[Collected data]
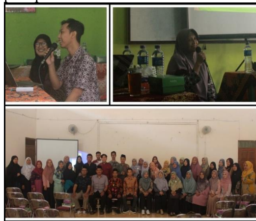
Gambar 2. Sesi penyampaian materi dan foto bersama peserta.

Berikut dokumentasi penyampaian materi serta foto bersama para peserta.
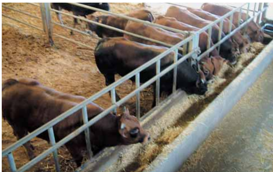
Novillos de la raza asturiana de los valles en cebaderos.

El ganadero responsable deberá tener experiencia y ser competente en las técnicas de partos, y deberá prestar especial atención a la higiene, en particular en el caso de partos asistidos. Deberá cerciorarse de que la vaca podrá lamer al ternero inmediatamente después del parto.
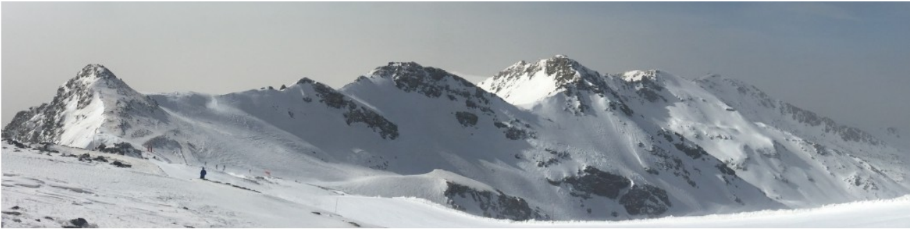
Tajos de la Virgen 21-2-17
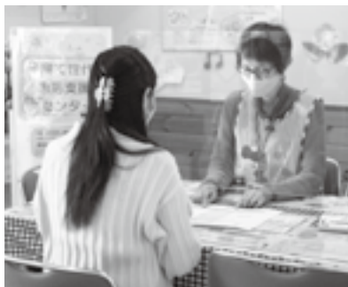
安心して相談してください

全ての人が安心して出産・子育てできるように、妊娠期から出産・子育てまで助産師や保健師などの専門職が一貫して身近で相談に応じる伴走型相談支援を実施しています。
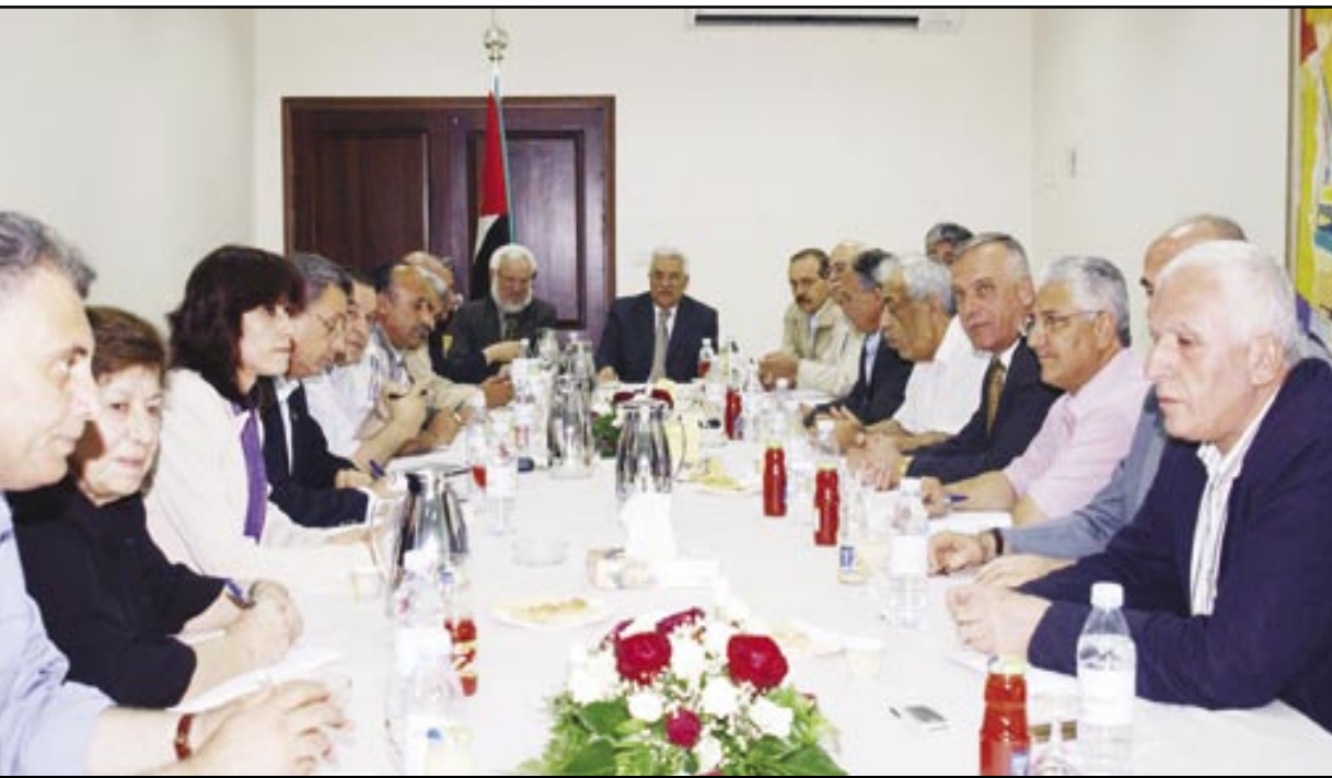
رام الله- جانب من اجتماع اللجنة العليا للحوار الوطني برئاسة الرئيس محمود عباس، ابو مازن، الذي عقد هنا امس.

رام الله- من زياد ابو يوسف- أكد الرئيس محمود عباس انه سيبقى على موقفه فيما يتعلق بالمهلة الممنوحة للجنة الحوار الوطني، للاتفاق على وثيقة الوفاق الوطني، كما اطلع لجنة الحوار على نتائج محادثات العربية والدولية لرفع الحصار عن الشعب الفلسطيني. جاء ذلك خلال جلسة الحوار التي عقدت امس في مقر المقاطعة برام الله بحضور الرئيس عباس الذي اشار الى ان اصراره على موقفه يأتي في اطار الضغط الايجابي من اجل الوصول الى اتفاق وليس من اجل الضغط السلبي.
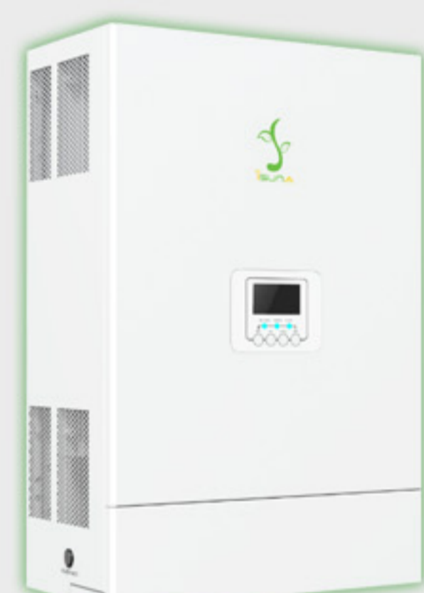
Single Phase LV 8-12 kW
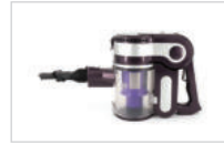
본체와 틈새 브러시를 연결합니다.
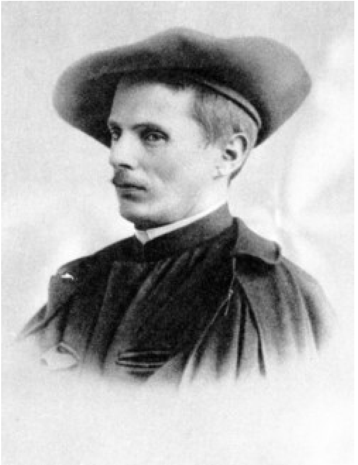
Сергій Іванович Васильківський
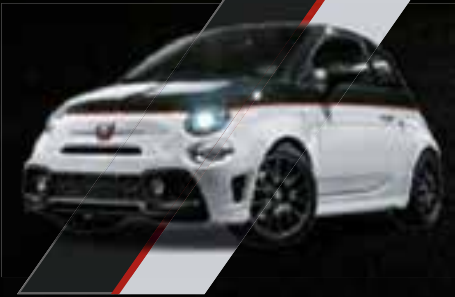
Nero Scorpione / Bianco Gara
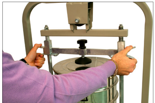
Установка системы зажимных приспособлений.
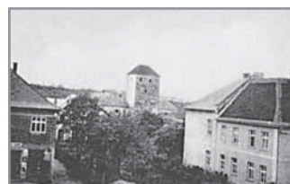
Obr. 20 a, b. Hlucké náměstí směrem k tvrzi a směrem ke kostelu.
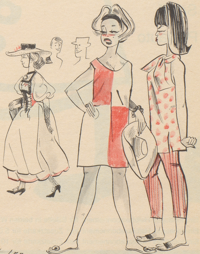
«Schampar wi die sech uffällig aleit!»
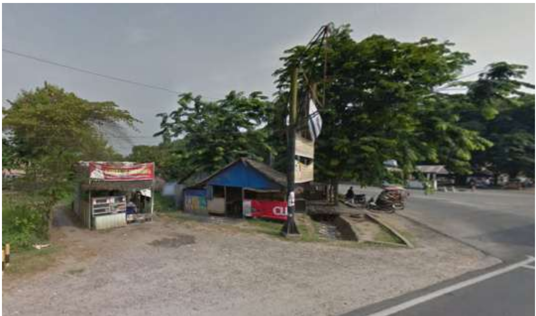
Gambar 5.6 Gubuk rumah makan milik warga dan persimpangan yang berada di utara dari lahan 2
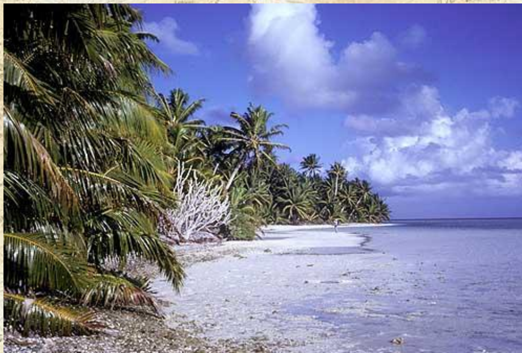
Побережье атолла Каролайн (острова Лайн, Кирибати)

Океания расположена в пределах нескольких климатических поясов: экваториального, субэкваториального, тропического, субтропического, умеренного. На большей части островов преобладает тропический климат .
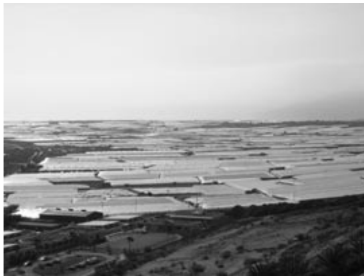
El Ejidoko paisaia: 14.000 hektarea hartzen dituen plastikozko itsasoa.

- [EXERCISE]
Across the data, count every line where the string "penyampaian" turns up, then write only that count.

- [RESPONSE TO THE TASK]
2